ABOUT THIS EXERCISE>
Look for the line with "AUX C-Smart Premium" in the entries below, then extract that line and all lines after it exactly, with pictures left out.

**** RECORDED INFORMATION ****

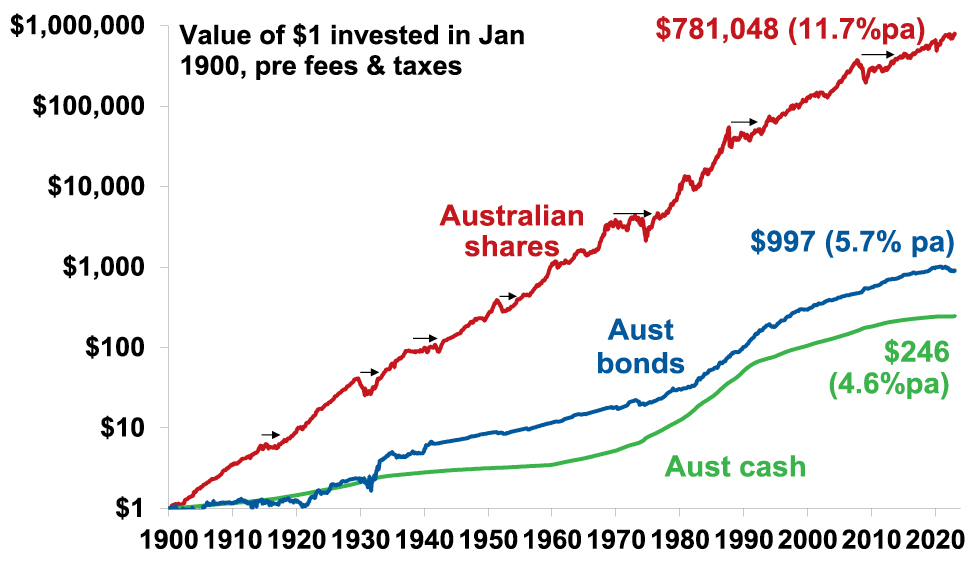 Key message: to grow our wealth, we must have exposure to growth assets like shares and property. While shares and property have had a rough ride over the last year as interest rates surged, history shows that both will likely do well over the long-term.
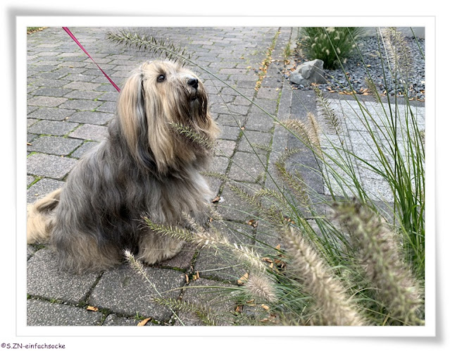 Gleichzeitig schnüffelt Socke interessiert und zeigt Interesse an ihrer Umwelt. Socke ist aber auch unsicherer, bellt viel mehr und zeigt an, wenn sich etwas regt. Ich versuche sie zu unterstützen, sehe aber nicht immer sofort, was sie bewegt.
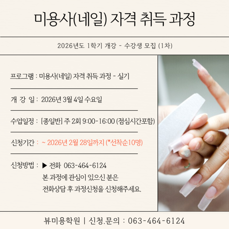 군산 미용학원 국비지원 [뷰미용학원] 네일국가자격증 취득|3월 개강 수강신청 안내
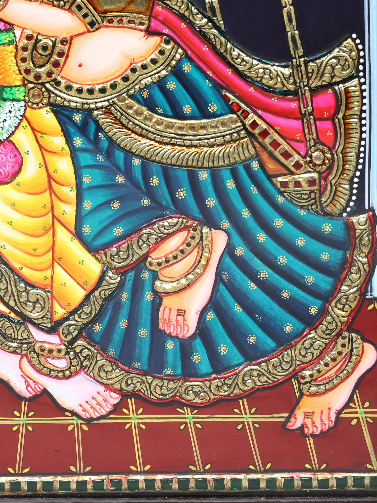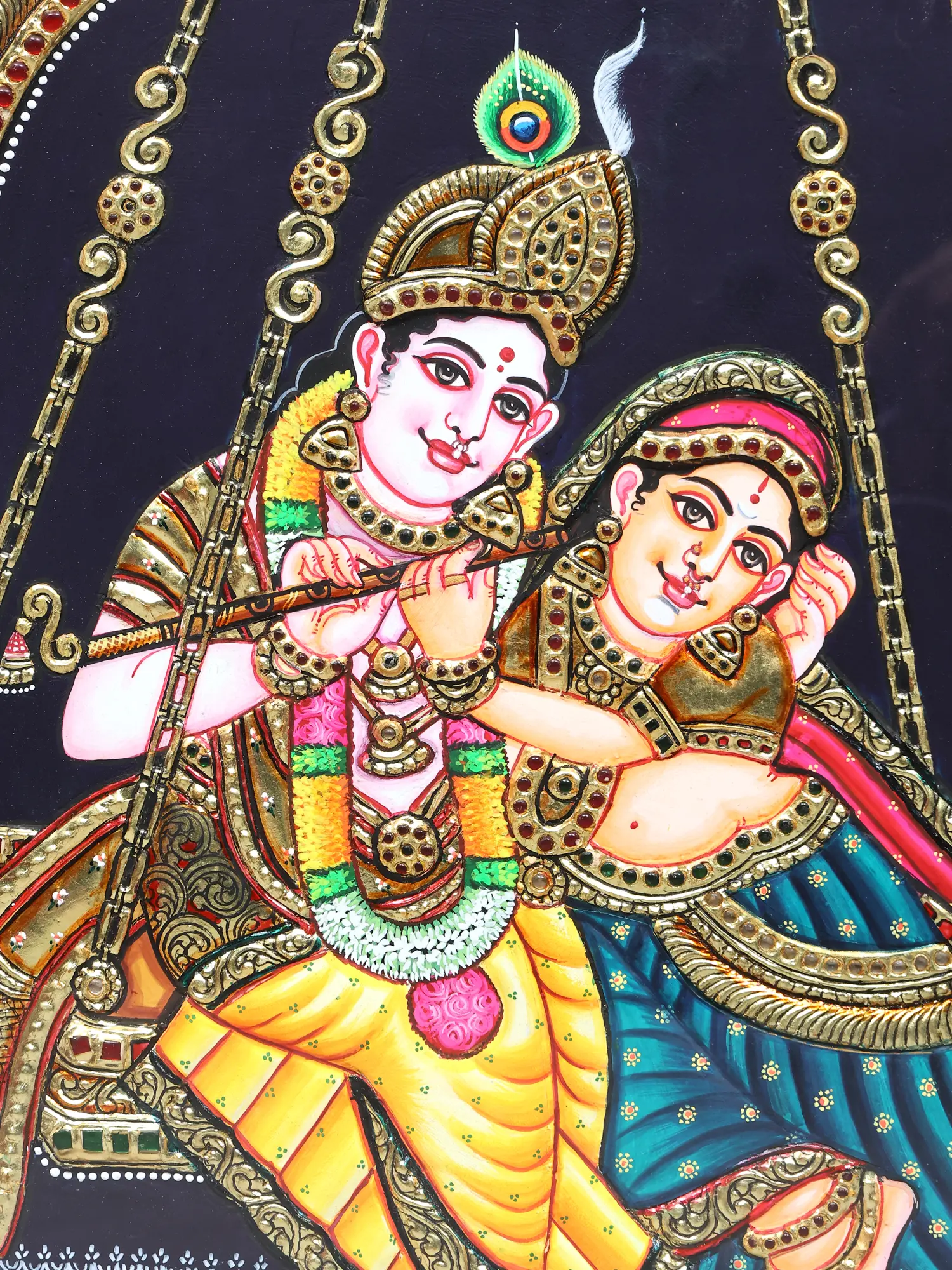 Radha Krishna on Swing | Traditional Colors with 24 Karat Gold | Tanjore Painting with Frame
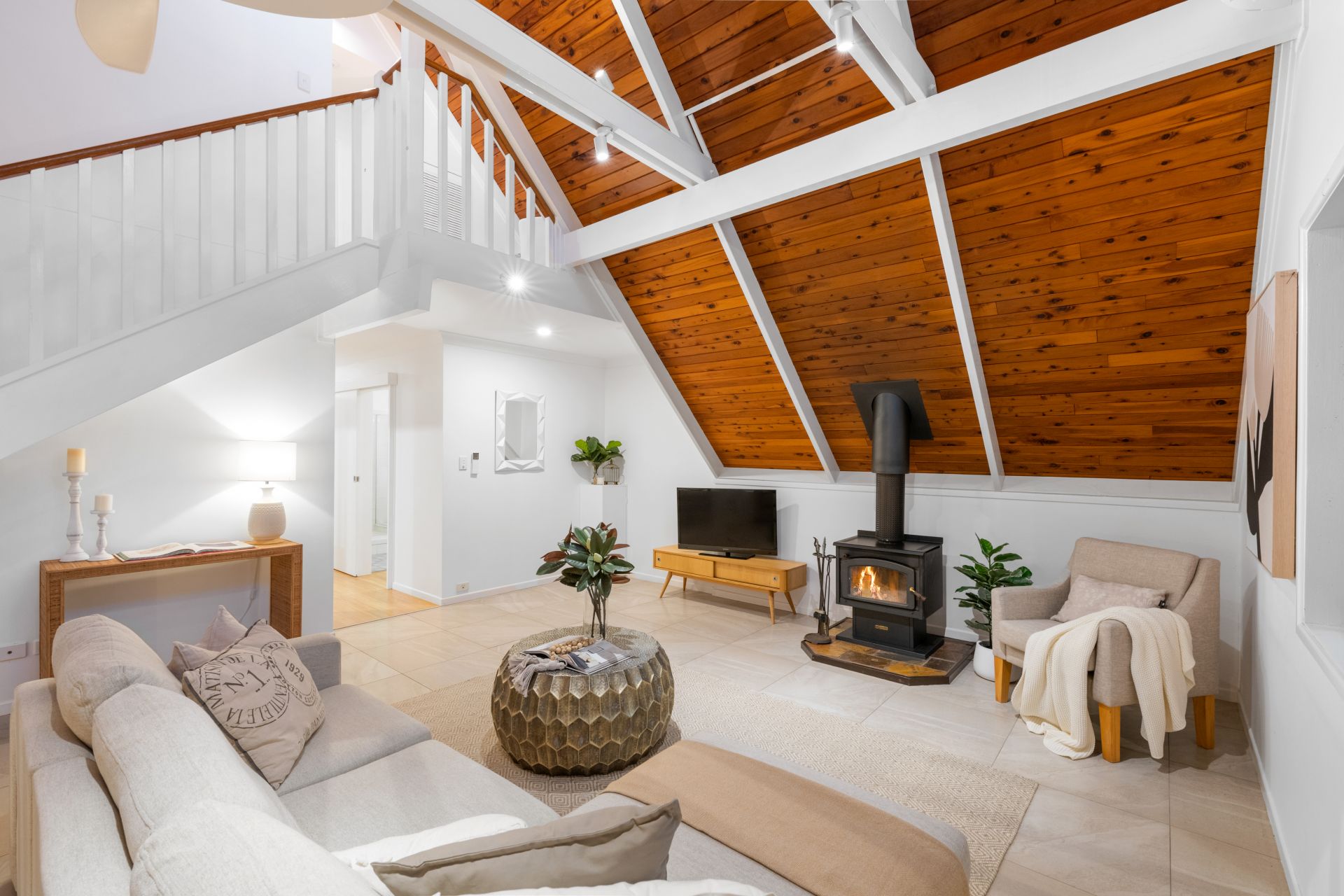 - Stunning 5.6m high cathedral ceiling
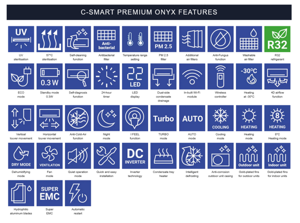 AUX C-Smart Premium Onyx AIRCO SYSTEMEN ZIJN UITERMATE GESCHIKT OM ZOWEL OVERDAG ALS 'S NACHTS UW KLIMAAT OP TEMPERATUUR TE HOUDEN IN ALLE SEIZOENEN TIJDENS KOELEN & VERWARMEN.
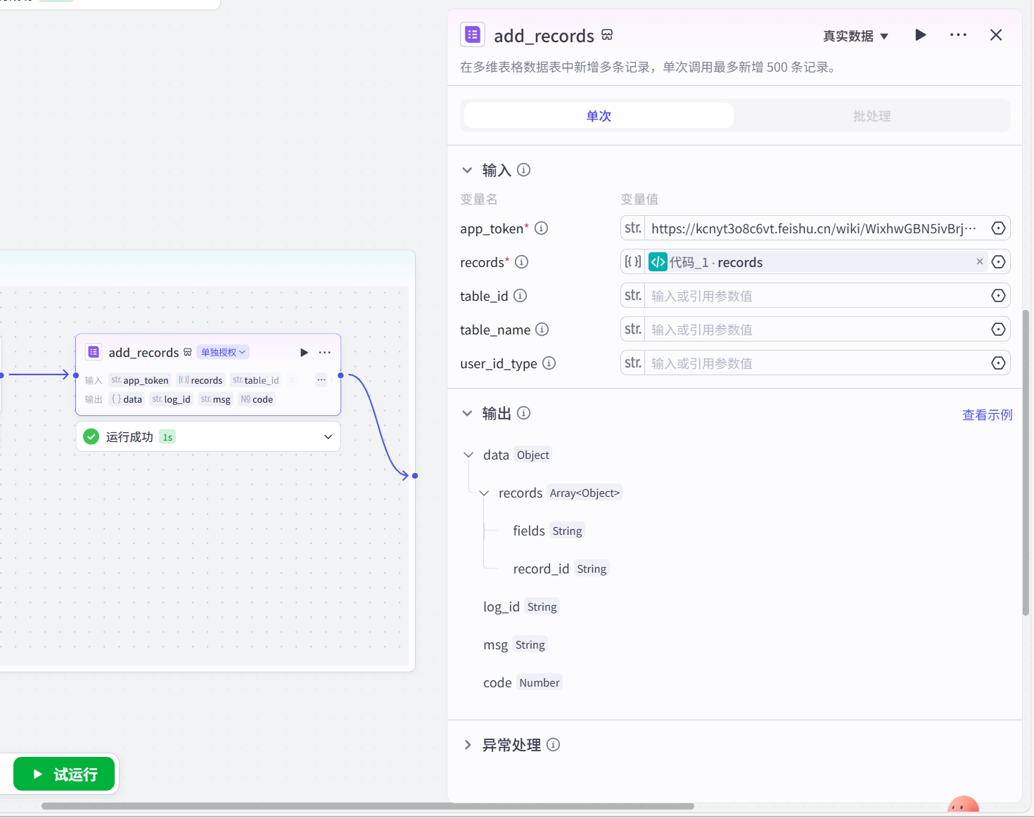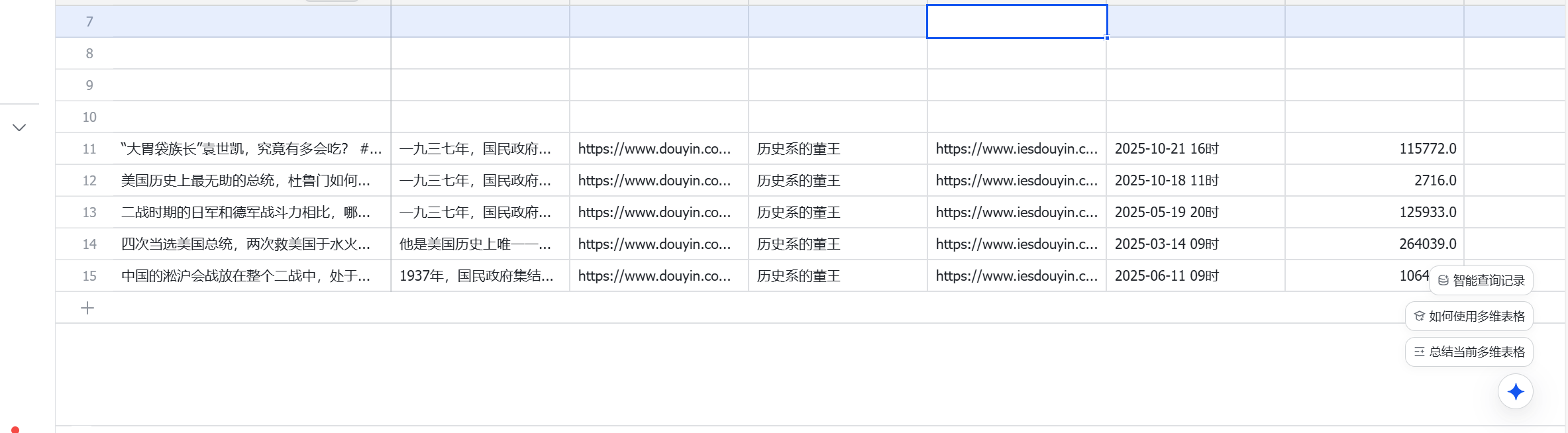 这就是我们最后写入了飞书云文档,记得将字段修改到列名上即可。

****

SOLUTION BELOW>
 AUX C-Smart Premium Onyx AIRCO SYSTEMEN ZIJN UITERMATE GESCHIKT OM ZOWEL OVERDAG ALS 'S NACHTS UW KLIMAAT OP TEMPERATUUR TE HOUDEN IN ALLE SEIZOENEN TIJDENS KOELEN & VERWARMEN.
 这就是我们最后写入了飞书云文档,记得将字段修改到列名上即可。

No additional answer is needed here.